THE DATA: Begin
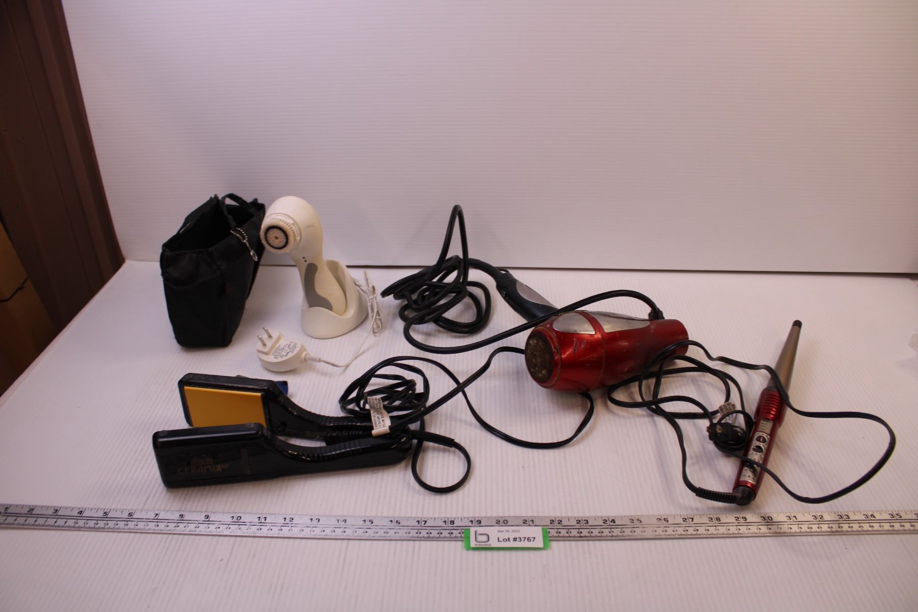 Hair Straightener, Blow Dryer, and Curling Iron (All Work) + Face Clenser (Untested)
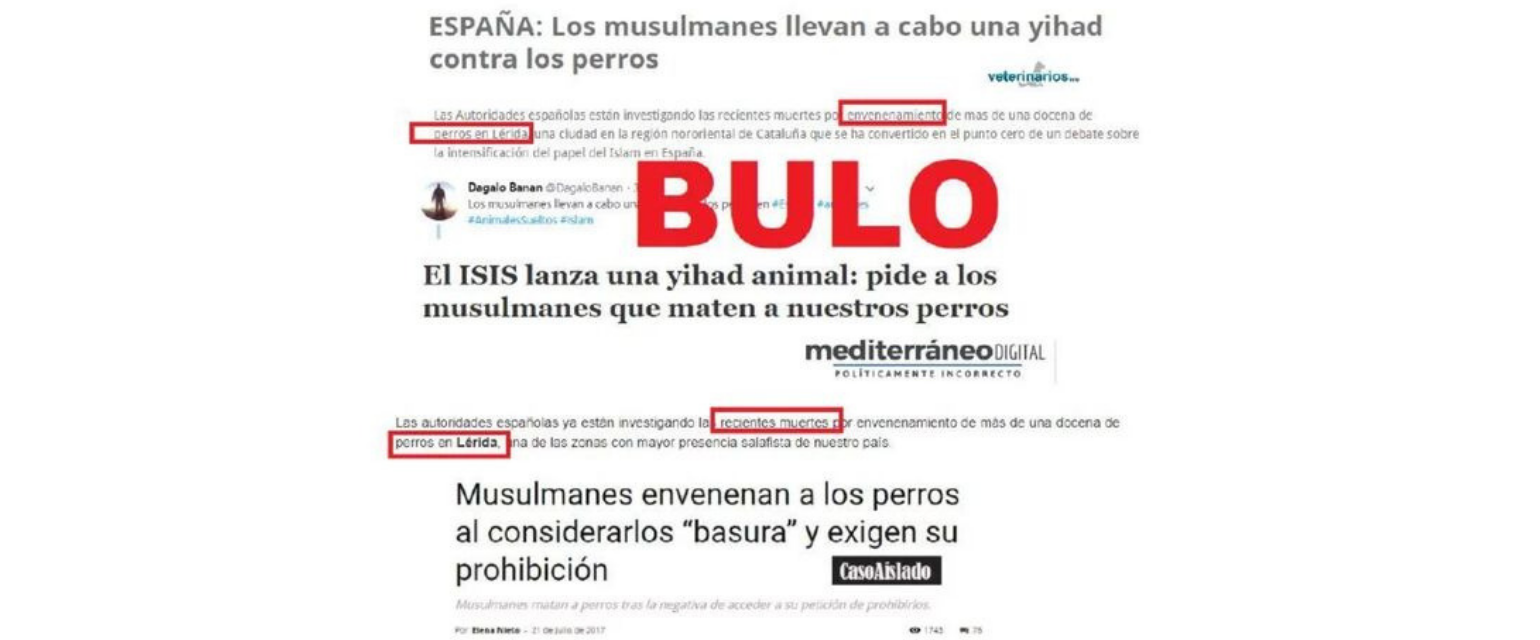 ¿Una "Yihad"? ¿En Lleida? La realidad es que el enlace que adjunta es de 2011, concretamente de un blog que afirmaba que los "musulmanes están llevando a cabo una yihad contra los perros". En él se dice que las "autoridades españolas están investigando las recientes muertes por envenenamiento de más de una docena de perros en Lérida" y asegura que los vecinos de la zona señalan, una vez más, a los "inmigrantes musulmanes" como los responsables de haber matado a los perros. Además, el post lleva las etiquetas de "España", "Invasores" e "Islam".
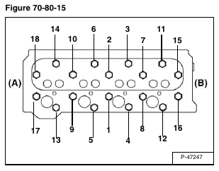 Remove the cylinder head bolts in order of #18 to #1 [Figure 70-80-15].
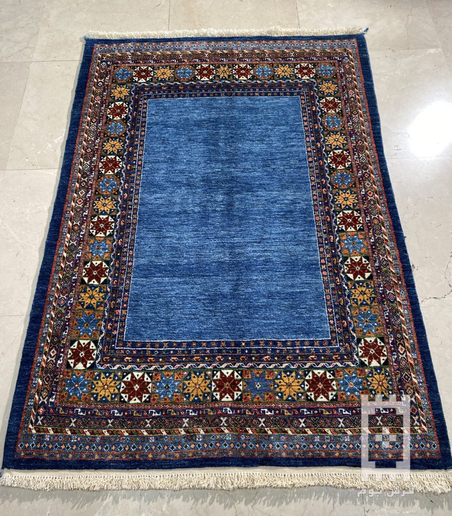 فرش دستباف جفت قالیچه خراسان (نقشه کف ساده آبی)
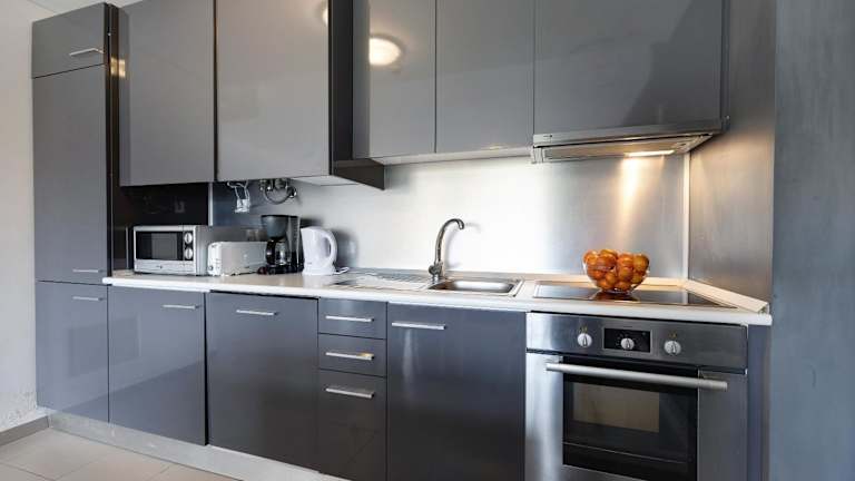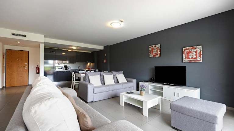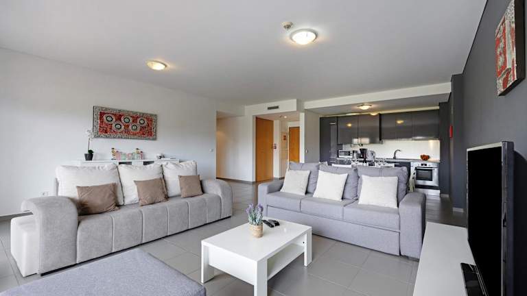 Die Ferienwohnung umfasst zwei Schlafzimmer und ein Wohnzimmer. Die voll ausgestattete Küche ist mit einem Kühlschrank und einem Wasserkocher ausgestattet. Des Weiteren sind zwei Badezimmer mit Dusche und kostenlosen Pflegeprodukten vorhanden. Handtücher und Bettwäsche werden bereitgestellt. Die Unterkunft ist klimatisiert und bietet Gartenmöbel im Außenbereich.
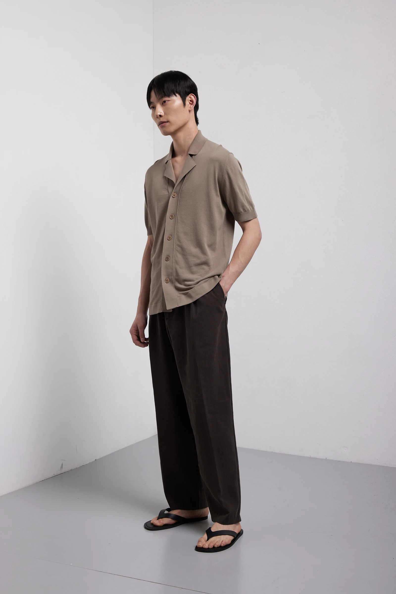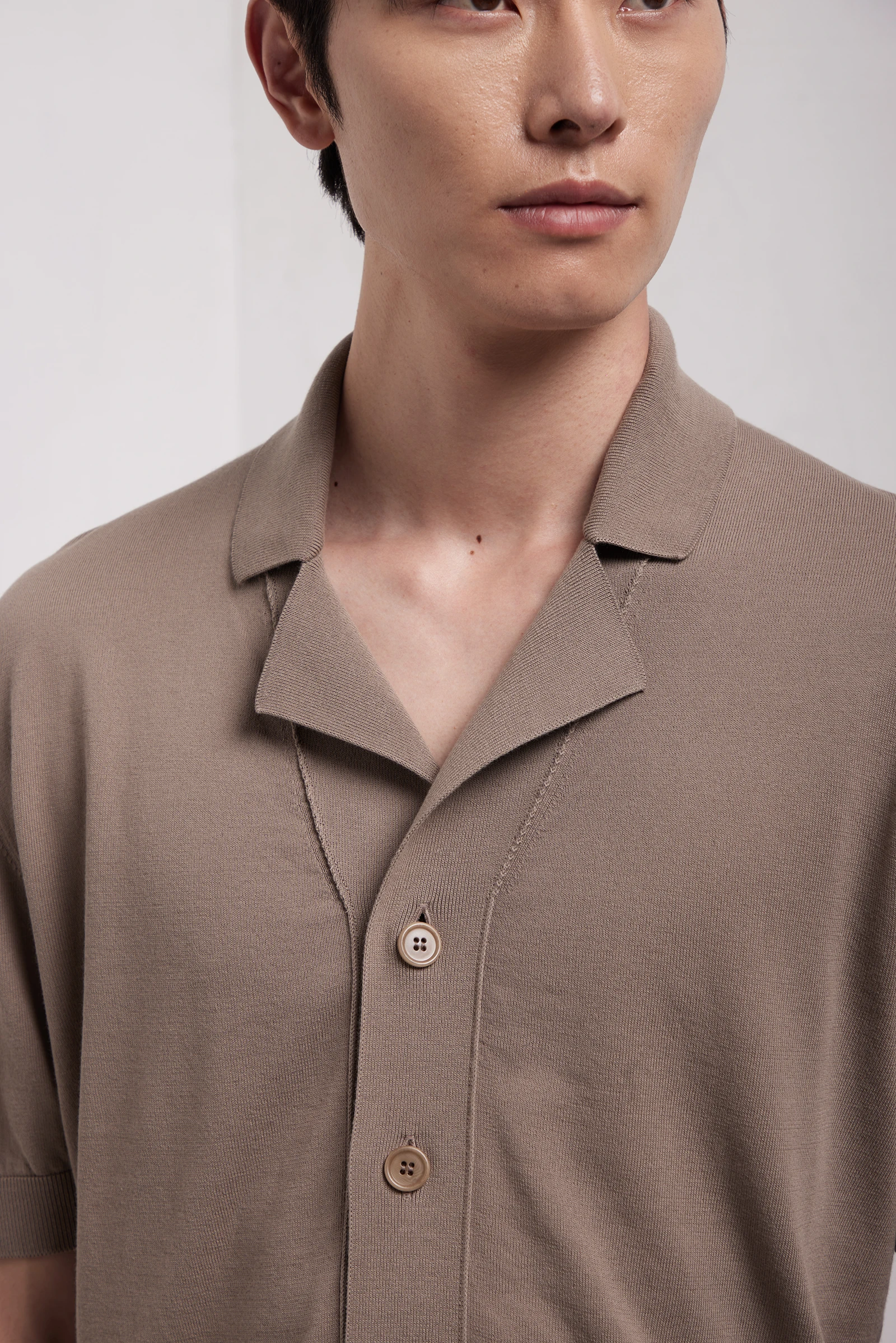 Camicia a manica corta in puro cotone, realizzata su finezza 14 per una struttura compatta e definita. Il collo con revers dona al capo uneleganza rilassata, reinterpretando la classica camicia in chiave maglieria.
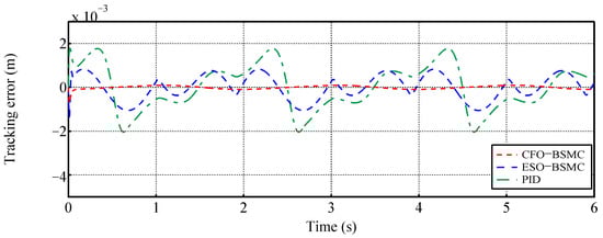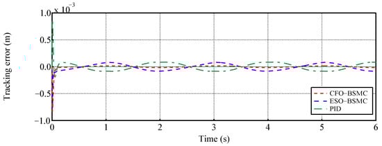 The obtained comparison results of the performance indices under the three controllers are presented in Table 2. It is clearly seen that all the indices of the proposed CFO-BSMC are the smallest among the three controllers. More specifically, compared with PID and ESO-BSMC, the mean absolute error of the proposed CFO-BSMC is increased by and , and the the root mean square error is improved by and , respectively. These results verify that the proposed control approach achieves the best tracking accuracy. In addition, the integrated time absolute error is to weigh the tracking error by time, which represents the system insensitivity to initial error and sensitivity to the steady error. Obviously, the of the proposed controller is the smallest, which means the proposed controller performs the best robustness against external disturbances.
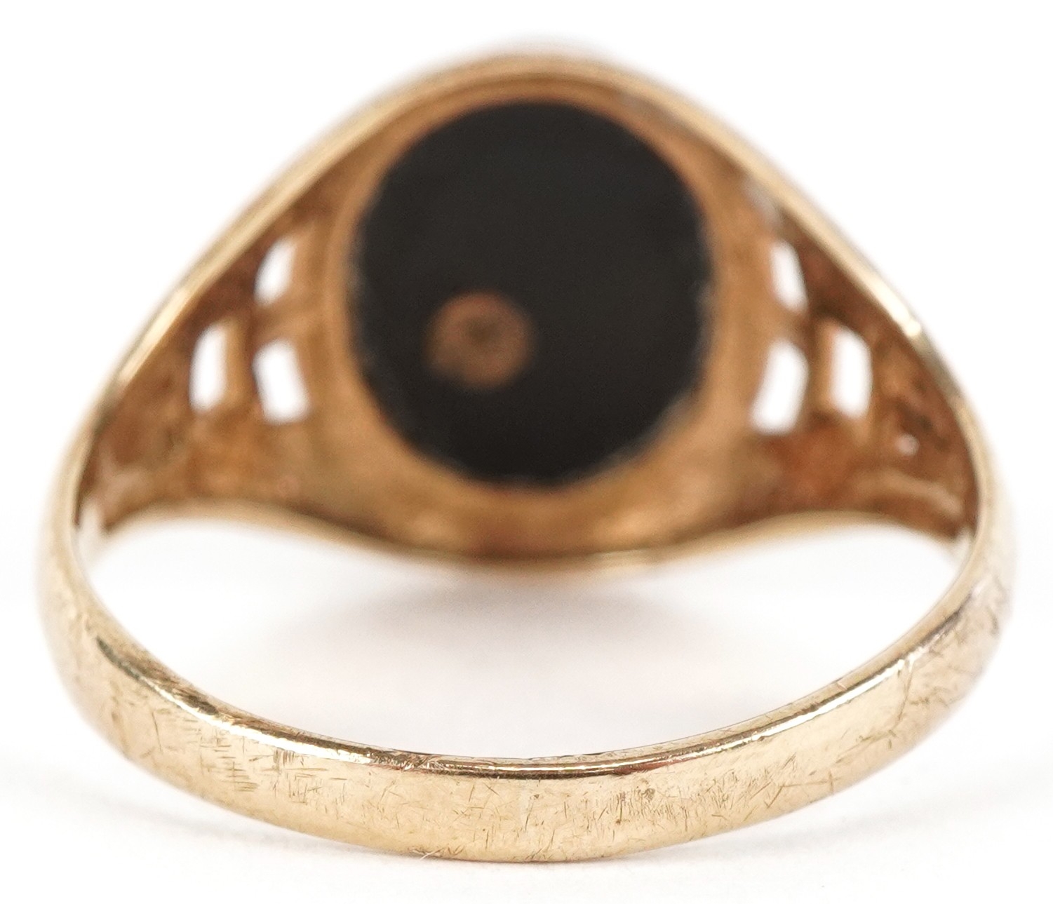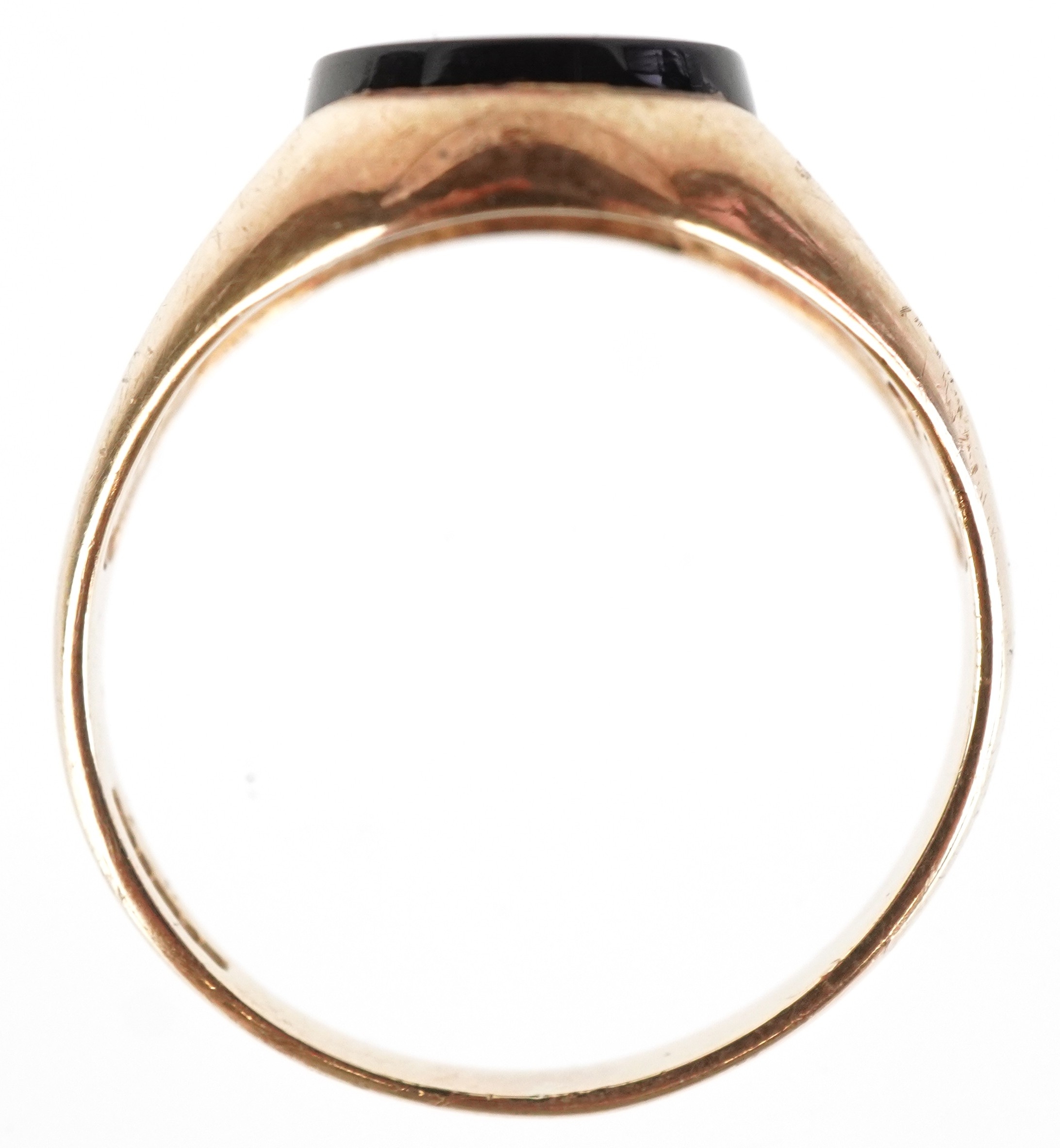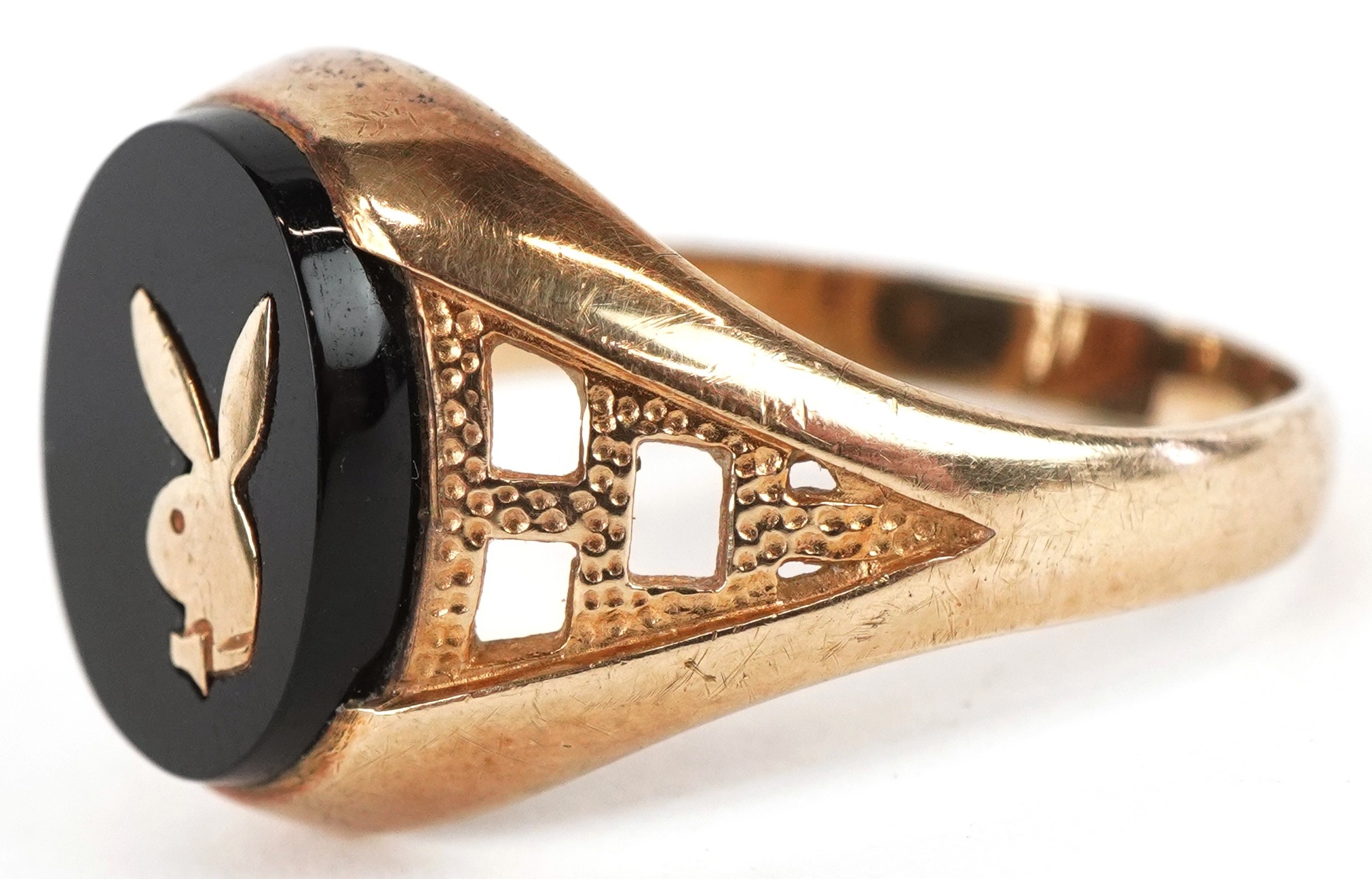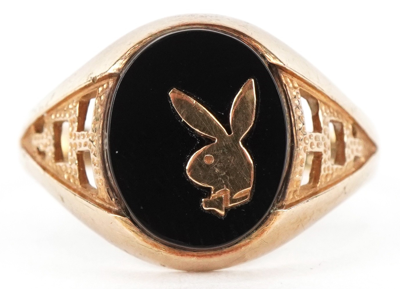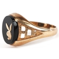 A 9ct gold onyx Playboy Bunny signet ring, size R/S, 3.2g.
THE DATA: End
_WHAT NEEDS TO BE DONE:_
Only lines belong in the copy, not pictures: write out exactly the lines of the records from the first through the one holding "فرش دستباف جفت".

_ANSWER FOR THE TASK:_
 Hair Straightener, Blow Dryer, and Curling Iron (All Work) + Face Clenser (Untested)
 ¿Una "Yihad"? ¿En Lleida? La realidad es que el enlace que adjunta es de 2011, concretamente de un blog que afirmaba que los "musulmanes están llevando a cabo una yihad contra los perros". En él se dice que las "autoridades españolas están investigando las recientes muertes por envenenamiento de más de una docena de perros en Lérida" y asegura que los vecinos de la zona señalan, una vez más, a los "inmigrantes musulmanes" como los responsables de haber matado a los perros. Además, el post lleva las etiquetas de "España", "Invasores" e "Islam".
 Remove the cylinder head bolts in order of #18 to #1 [Figure 70-80-15].
 فرش دستباف جفت قالیچه خراسان (نقشه کف ساده آبی)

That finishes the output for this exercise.